González de Ahedo commanded two Spanish ships, the San Lorenzo and the Santa Rosalia, sent by the Viceroy of Peru, Manuel de Amat y Juniet. They landed on 15 November 1770, only the second time European had seen Easter Island, and stayed five days, thoroughly surveyed the coast, and named it Isla de San Carlos, taking possession on behalf of King Charles III of Spain. They ceremoniously signed a treaty of annexation with the inhabitants and erected three wooden crosses on top of three small hills on Poike volcano.

They were amazed by the "standing idols", moai, all of which they could see were erect.

Early life 
Felipe González de Ahedo was born in Santona, Spain, circa 1700. Felipe's parents were referred to as respectable people but were not particularly wealthy at the time of their son's birth. Although his parents did not have much money, they supported him and his dreams of becoming a seaman. Because Felipe grew up in a small town right next to the sea, he developed a bond with the ocean at an early age. This bond eventually led him to choose his profession as a seafarer.

Beginnings of a Career 
At the age of 25, Felipe González de Ahedo set out to solidify his career. He entered the Royal Armada of Spain and served on the ship San Bernardo as an apprentice. Just two years later, he was appointed to the Santiago. This is where he gained his reputation as a talented sailor and was noticed by his superiors.

Adventures 
It was 1730 when he joined the ship Aranzasu. On this boat, he traveled to the West Indies and back. This was his first real adventure in the New World. By 1736, Felipe had joined a new ship once again. This boat was the Incendio and he was aboard it when it made its voyage to Veracruz. This was his first experience in Central America. After a few more years of service, Felipe was finally promoted to the rank of junior lieutenant in 1751.

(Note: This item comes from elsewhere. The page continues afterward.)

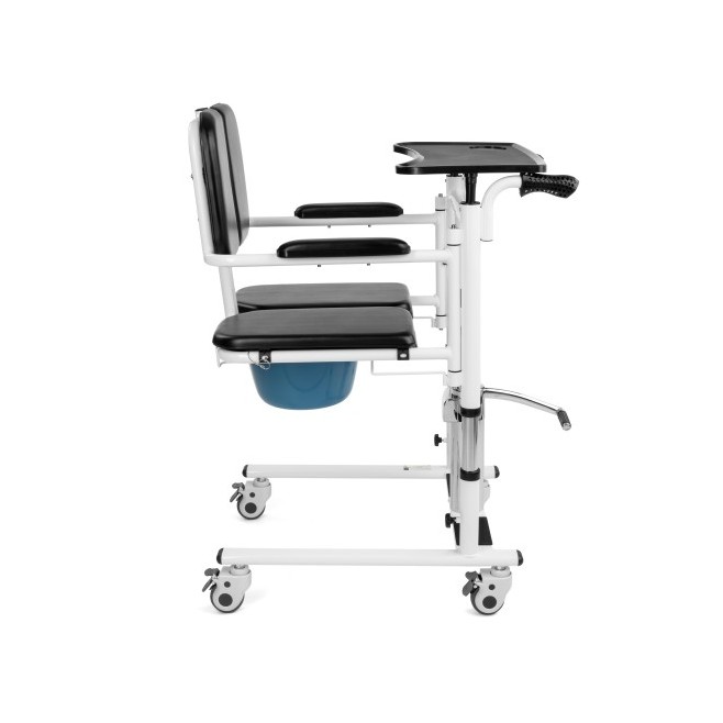 To rozwiązanie 3 w 1: działa jak podnośnik do przenoszenia, krzesło do przemieszczania oraz krzesło toaletowe. Dzięki temu codzienna opieka może być prostsza, a część czynności higienicznych da się wykonać bez dodatkowych „przesiadek”.

In 1760, Felipe was given command of the frigate Arrogant. His job while commanding the frigate was to help protect eighteen ships sheltering in the Bay of Ferrol from enemy ships. After his experience on the frigate, Felipe went on to serve on numerous ships of all shapes and sizes until 1766 came around. In 1766, he was promoted to Commander of the Firme. He used the Firme to hunt down “piratical xebeques of Algiers.” Xebeques (also known as xebecs) are Mediterranean sailing ships mostly used for trading. While Felipe did end up sighting many of these piratical xebeques, he was never able to capture one because his ship was not fast enough.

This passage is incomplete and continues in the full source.